As much as I love the Mugello Valley and its greenery, I felt it was time to get out and to do something touristy and beachy. Thus I took off for a sunny holiday on the Tuscan island of Elba with Angela Trentecoste, the site zooarchaeologist (animal bone specialist).
Perhaps because I've gotten more elderly, it's been a while since I've had any haphazard Mediterranean adventures - my days of island hopping by myself in the Cyclades are nearly ten years past. But Elba and Angela provided plenty to make up for it. Such as:

Don't think, of course, that it was all fun and games. I got the requisite share of antiquities in at medieval Marciana, perched on a hill, where we were able to visit sparse 13th-century chapels and the island's little archaeological museum.
Sure, this pottery doesn't look like much, but I've spent the summer obsessed with these bowls and their sharply outturned rims.

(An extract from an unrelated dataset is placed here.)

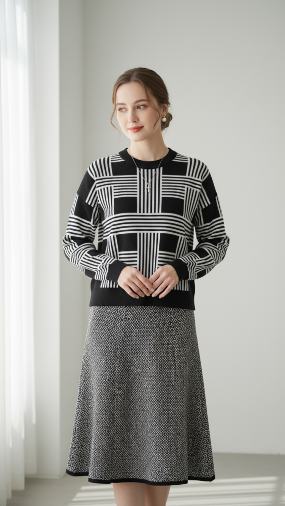 Effortless outfit coordination becomes your reality when you choose knit sets featuring contrasting black and white patterns or color-blocking designs. The stretchy fabric moves with you during standing, sitting, and greeting fellow congregants comfortably. These sets perfectly achieve the balance of comfort and style that’s essential for modern church attire.
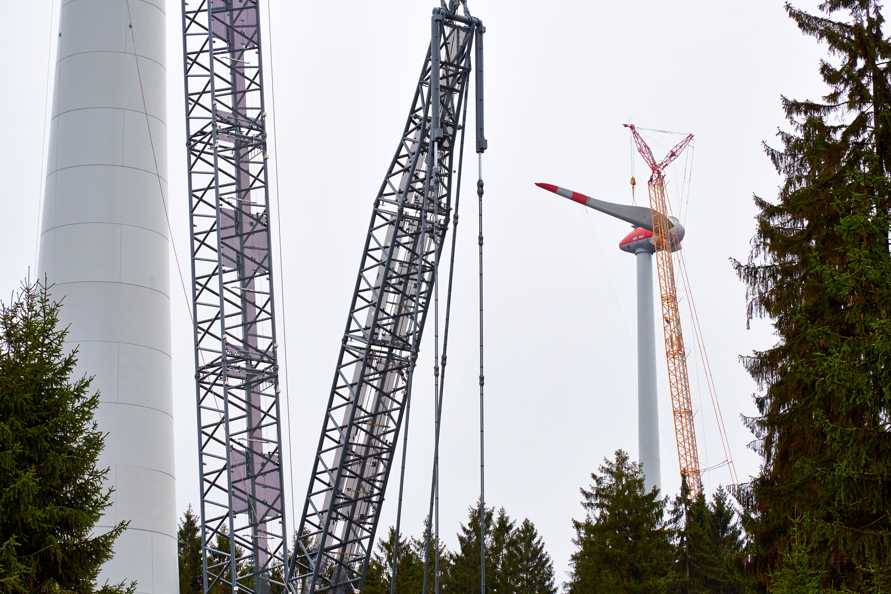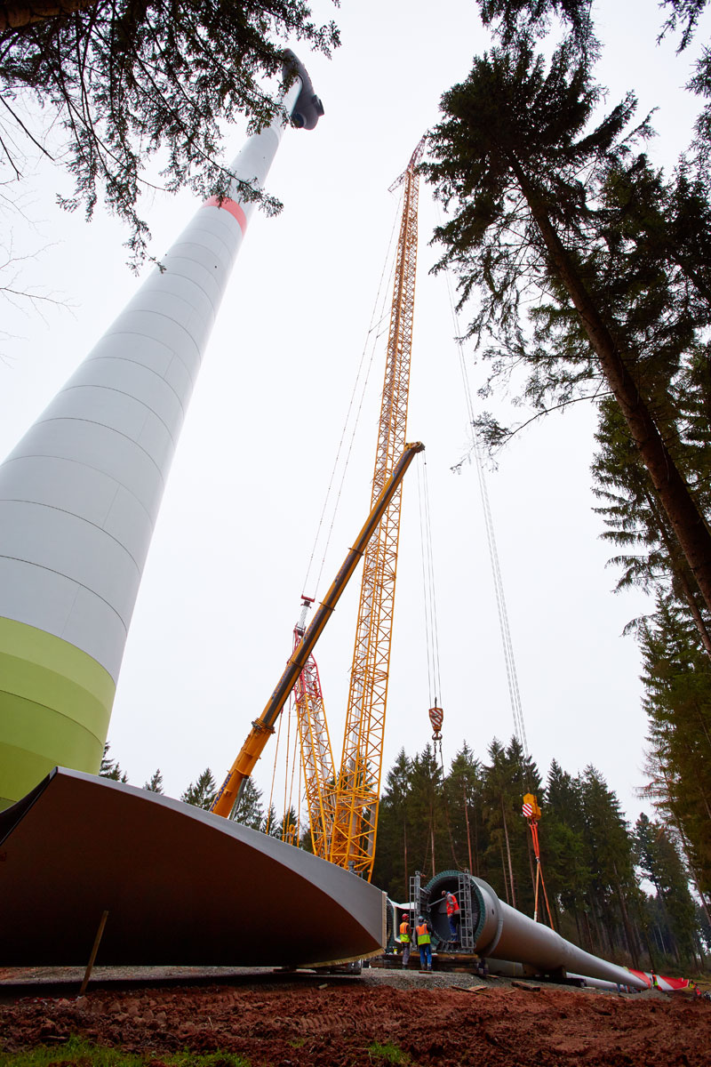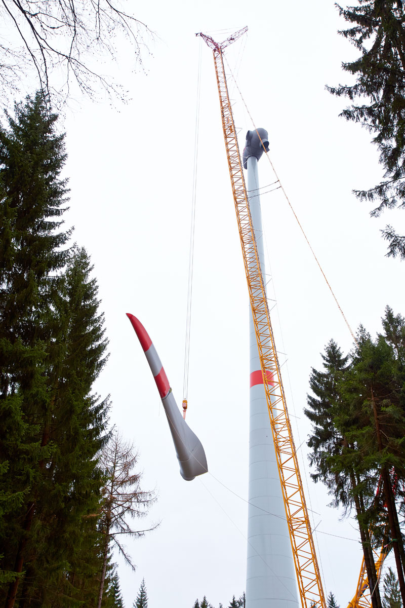 Kod svake vjetroturbine trebalo je podignuti dva čelična elementa s težinom od 55 tona. Najteže komponente predstavljaju dva kućišta motora od kojih svaki teži po 64 tona i po dvije glavine koje teže 65 tona. Budući da se vjetroelektrana nalazi u brdovitom šumskom području, prostor je prilično skučen - postavljanje i demontaža velikih dizalica predstavlja izazov. U kratkom roku trebalo je posjeći nekoliko stabala, što je učinjeno u koordinaciji s lokalnim operaterima, jer u suprotnom postavljanje vjetroturbina ne bi bilo moguće.

Many of them rest on pedestal feet and have elaborate profiles, including the fancy one we found in our trench. They're called piatelli.
And somehow, by complete accident, every place we stopped to eat had drop-dead-benissimo food and gorgeous views.
I probably wouldn't recommend Elba to visitors since it was a tourist mecca more than anything else, but for a four-day escape from the Mugello, it perfectly hit the spot.